I decided to finally sit down with Kingdom of the Blazing Phoenix and just finish it already so I can have a clean start to 2019. Though it’s a sequel to Forest of a Thousand Lanterns, the tone and rhythm of Kingdom of the Blazing Phoenix are entirely different. Like the Snow White story, it’s inspired by, this book is a fairy tale at heart, and contains elements of the original tale, as well as what I assume are folktales from China and Vietnam. The plot runs along at a quick pace that put me off at first, but once I realized that Julie C. Dao was emulating the fairytales her story is based upon, I settled in and finished the last half of the book in a single evening. It’s a charming story, though there are several elements that feel a little too convenient and story threads that are wrapped up a little too quickly. As a Snow White retelling, I think it is perfectly successful and charming overall. I gave it three stars on Goodreads.

The Tale of the Shining Princess is an adaptation of a 9th or 10th-century Japanese folktale. My edition has illustrations from a book made for the powerful Tokugawa family in the late 1800s. It’s a beautiful book about a poor bamboo cutter who finds a tiny girl in a bamboo cutting. He brings her home and he and his wife raise her as their own daughter. She grows into a luminous beauty who has suitors from all across the country. She gives five of them impossible tasks to complete in order to win her hand in marriage. It’s a lovely tale that I definitely recommend.

Current Reads:

What Do I Plan to Start Reading This Week?

I’m not sure yet. I have a TBR for January, and while monthly TBRs haven’t always gone well for me, I am excited about each of these books, so I guess I’ll finish out my current reads as soon as I can and pick one or two from the TBR stack.

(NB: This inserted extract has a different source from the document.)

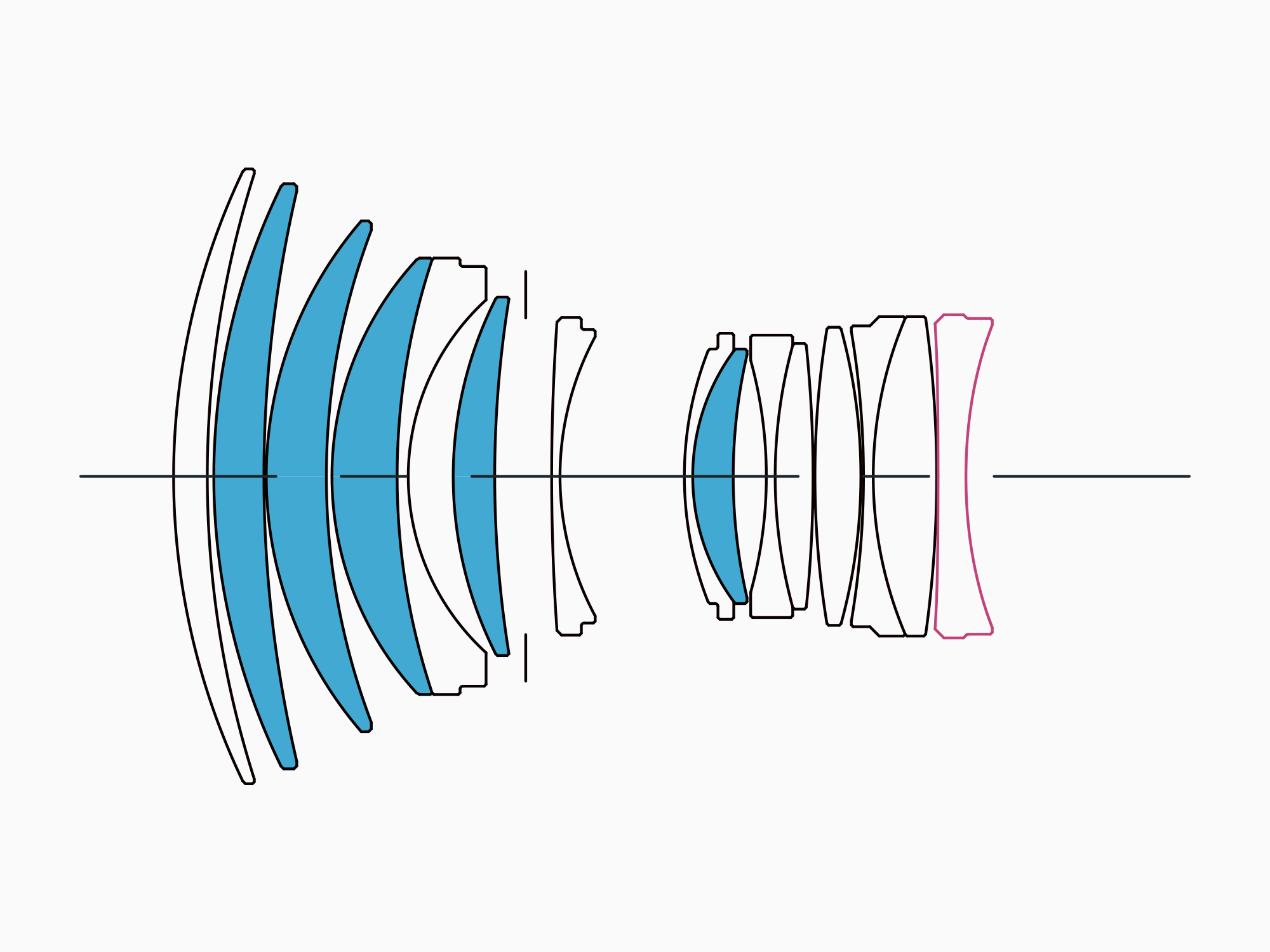 Taking advantage of the short flange focal distance of mirrorless system, this lens employs a unique lens construction that other 85mm lenses do not. And, it is entirely different from the one used for the 85mm F1.4 DG HSM | Art, which is designed primarily for DSLR cameras. As for extra-low dispersion lens, it uses five SLD glasses. Improving image quality and compactization were made possible by optically correcting axial color aberration which can only be corrected optically, while utilizing in-camera correction to deal with vignetting and distortion. In the following section, we will compare this lens with competitors in terms of chromatic aberration, sagittal coma flare, bokeh size, as well as bokeh balls.

So many works in translation! It’s like I’m trying for a redo of my failed 2018 Read the World challenge!

Posts From This Week:

 

That’s all for this week. I’m going to try to finish up Mrs. Dalloway today and see how far I get on The Paragon Hotel after that. I’m about halfway through Mrs. Dalloway, and it’s only about 200 pages long. The Paragon Hotel pulls me back in every time I pick it up, so I anticipate finishing it during my two-day break over New Year’s. I wish more people know about Lyndsay Faye. She’s an excellent writer.

What are your plans for the coming week?